Disease co-occurrence network

The disease co-occurrence network referred to patients suffering from multiple diseases at the same time. The network was constructed based on the co-occurrence of the patients’ diseases. Each node in the network represented a disease, and each edge represents the co-occurrence associations between the corresponding diseases [41]. The weight was the number of patients with two diseases at the same time. Through pre-processing, the co-occurrence of diseases on the first page of the medical record data was counted, and the co-occurrence association data between diseases was obtained. To improve the quality of the network, the edges with weights greater than 5 were removed to preserve high-frequency edges.

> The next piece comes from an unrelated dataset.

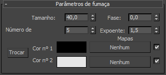 Fumaça é um mapa 3D que gera padrões amorfos e turbulentos baseados em fractal. Foi primariamente concebido para mapas Opacidade animados para estimular os efeitos da fumaça em um feixe de luz ou outros efeitos nebulosos fluentes.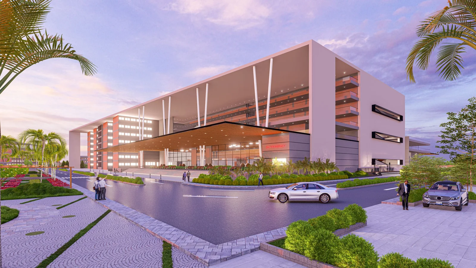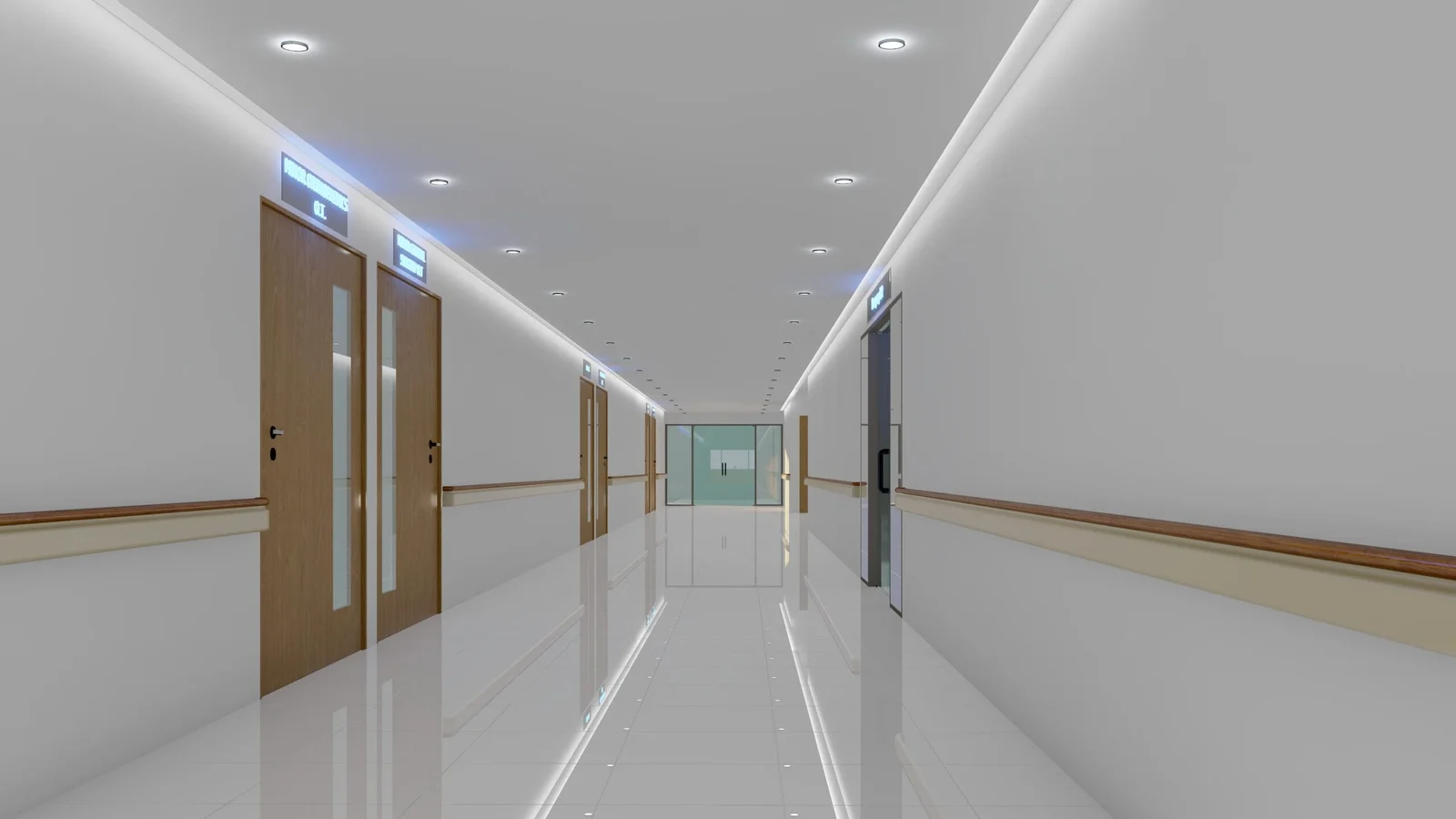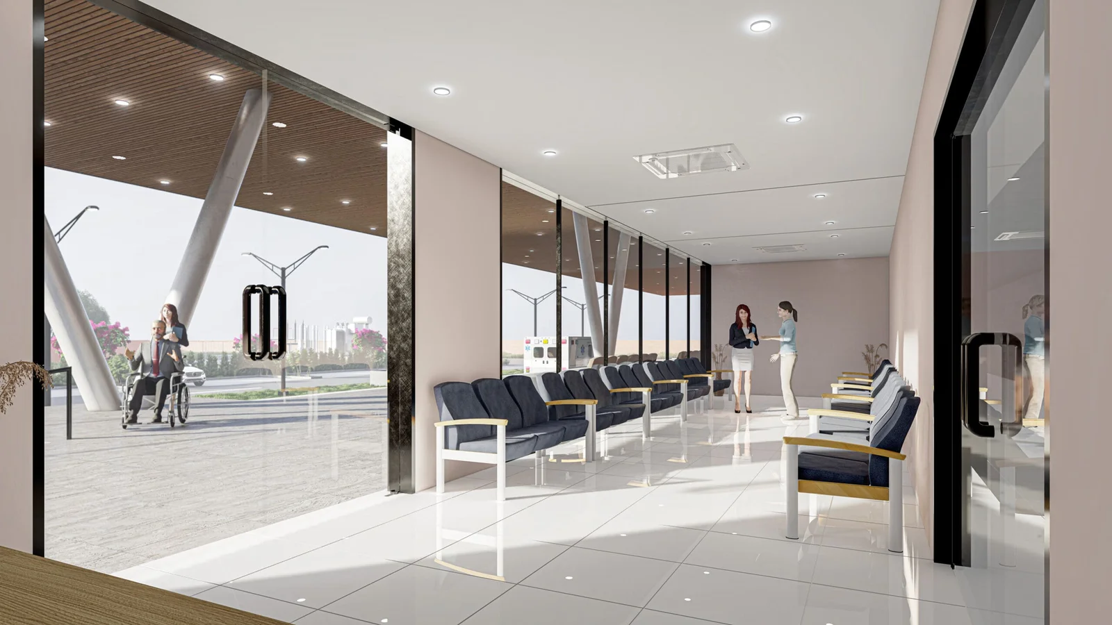 The reception is a welcoming atrium with flowing lines and a serene palette. Integrated planters and layered lighting create a calming atmosphere, while intuitive signage guides patients seamlessly, transforming the space from a waiting room into a therapeutic environment.

Hierarchical disease network

The tree structure of the ICD-10 code reflected the medical knowledge contained in the ICD-10 code at the beginning of its design. The hierarchical disease network was constructed based on the medical knowledge behind the ICD-10 code. The nodes in the network represented a disease, and the edges were represented by the similarity between the diseases corresponding to the ICD-10 codes. Based on the tree structure characteristics of the ICD-10 code, the similarity between disease codes was calculated. This similarity could be calculated by the ontology similarity formula [42]. The similarity score was used as the weight of the edge in the network. The similarity formulas were as follows:

$$\begin{aligned} {sim(c_{1},c_{2})=\frac{2\times IC(lcs(c_{1},c_{2}))}{IC(c_{1})+IC(c_{2})}} \end{aligned}$$

(1)

$$\begin{aligned} {IC(c)=-\mathrm{log} {\left(\frac{freq(c)}{freq(root)}\right)}} \end{aligned}$$

(2)

where $lcs(c_{1},c_{2})$represented the nearest common root node found according to the ICD tree structure. The freq(c) indicated the number of child nodes of node c. If c was a leaf node, it corresponded to 1.

Molecular based disease network

By collecting the “disease-gene” association data from MalaCards and UMLS, the genes in these “disease-gene” associations were used as bridges to establish links, thereby building associations between diseases. The purpose of selecting “shared genes linking” was to retain as much information as possible about the “disease-gene” associations at the molecular level.

Construction of benchmark dataset using medical claims data

As mentioned above, the data usually used by the existing disease progression prediction models encompasses modal data such as text, image, and physical and chemical indicators [28, 43]. However, due to the privacy of medical data, the more data formats required by the disease prediction model, the more difficult it is to obtain data [4]. To reduce the disease progression prediction model’s dependence on data, this study utilizes past disease diagnosis information to predict the patient’s disease course based on disease association knowledge. Meanwhile, most existing open-source datasets cannot meet our expectations (multiple visits), so this study collects real-world clinical cases to construct disease prediction datasets and focuses on considering the impact of disease duration, which other prediction models lack consideration [4, 17, 18, 28, 43]. Therefore, this section provides an overview of a new method for constructing datasets based on disease duration, using the prediction of comorbidities of severe lung diseases as an example.

Clinical data normalization

To ensure the authenticity of the data, we collected part of EMRs from a tertiary A-level hospital, paying particular attention to records of multiple visits, such as visit ID, patient ID, and disease diagnosis results, which were typically recorded using ICD-10 codes. The ICD-10 classification system, as mentioned, divides diseases into multiple levels based on their characteristics, forming a tree structure in which similar diseases share a common parent node [44]. Initially, we used the first page of the medical records as the core data and filtered the disease codes within it [45]. Given the privacy concerns surrounding medical data, it is often difficult to obtain medical data, so it’s necessary to rely solely on the patient’s diagnostic results for prediction. In this scenario, for each patient, only the diagnostic information within each visit is retained and sorted by visit time. Subsequently, we removed patient records containing aberrant codes (no ICD-10 codes). Furthermore, patient records with one diagnosis were excluded from the analysis, because only one record could not obtain the patient’s disease progression. Under the guidance of clinical experts, four digits were reserved for each disease code to reduce data redundancy (e.g., from “J96.02” to “J96.0”). As a result of these criteria, the longitudinal diagnosis records of more than 470k records were ultimately retained for further analysis.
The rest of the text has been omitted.